*Requirement:*
Write out the listing below in its entirety, minus the pictures, without changing a word.

*Data:*
__________

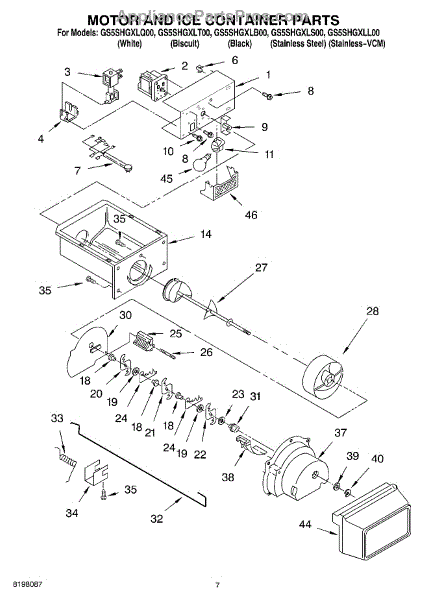 Parts for Whirlpool GS5SHGXLT00: 05 - Motor And Ice Container Parts
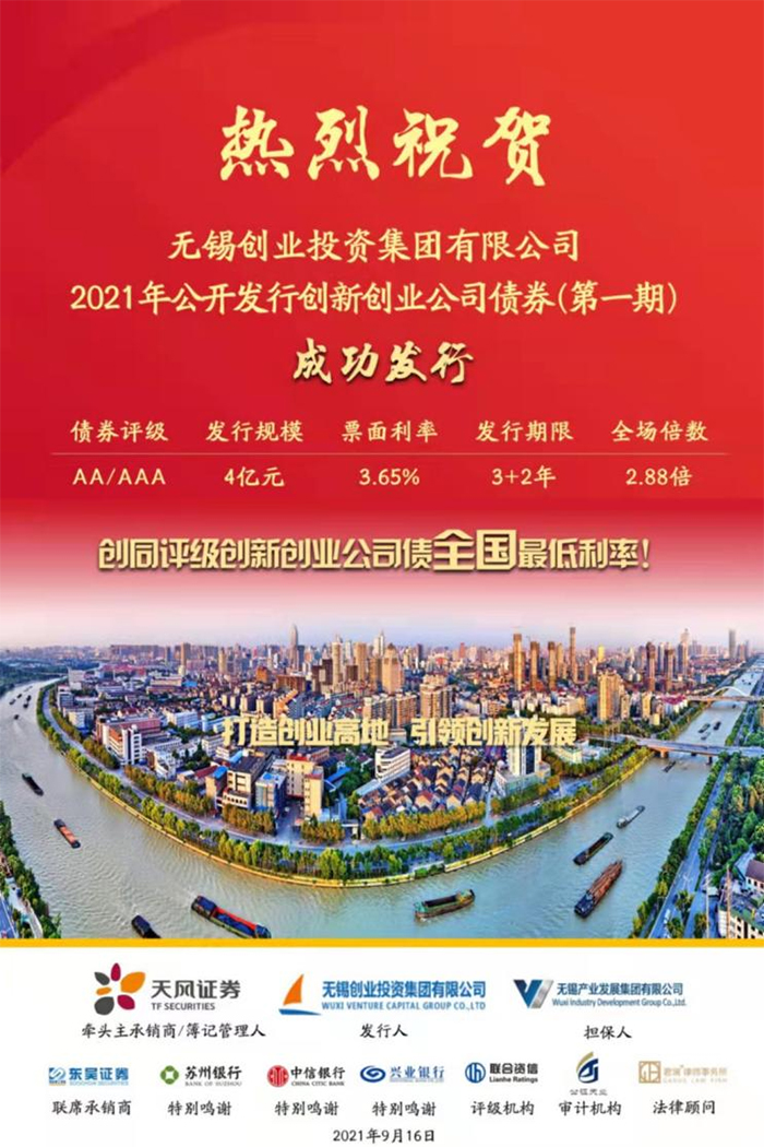 | 利率全國(guó)最低!無錫創(chuàng)投集團(tuán)成功發(fā)行創(chuàng)新創(chuàng)業(yè)公司債券 |
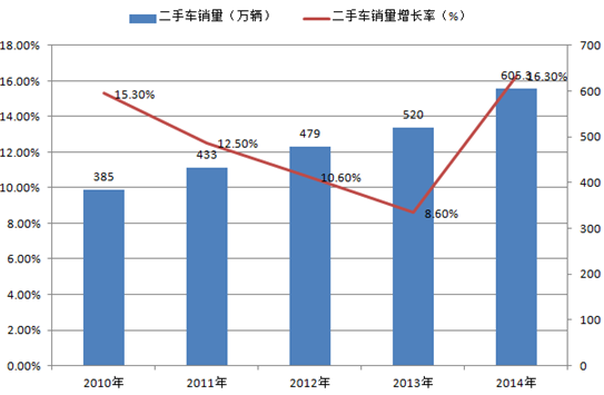 2010-2014年中國二手車銷量及銷量增速
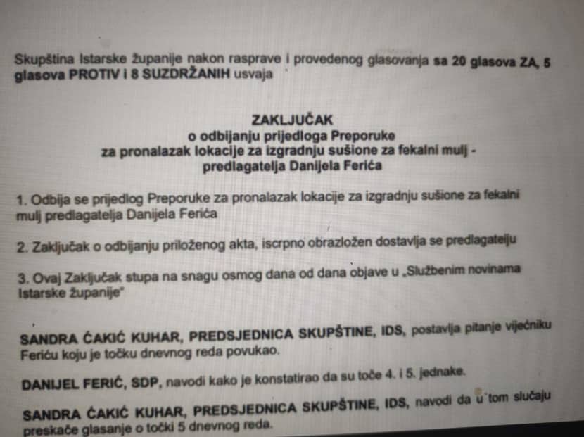 Ferićev prijedlog nije podržala IDS-ova većina s partnerima iz stranke ISU/Zeleni. SDP-ovci su glasali za, dok su vijećnici HDZ-a i Možemo-Zelena alternativa-Orah bili suzdržani.

__________

*Answer to this exercise:*
 Parts for Whirlpool GS5SHGXLT00: 05 - Motor And Ice Container Parts
 | 利率全國(guó)最低!無錫創(chuàng)投集團(tuán)成功發(fā)行創(chuàng)新創(chuàng)業(yè)公司債券 |
 2010-2014年中國二手車銷量及銷量增速
 Ferićev prijedlog nije podržala IDS-ova većina s partnerima iz stranke ISU/Zeleni. SDP-ovci su glasali za, dok su vijećnici HDZ-a i Možemo-Zelena alternativa-Orah bili suzdržani.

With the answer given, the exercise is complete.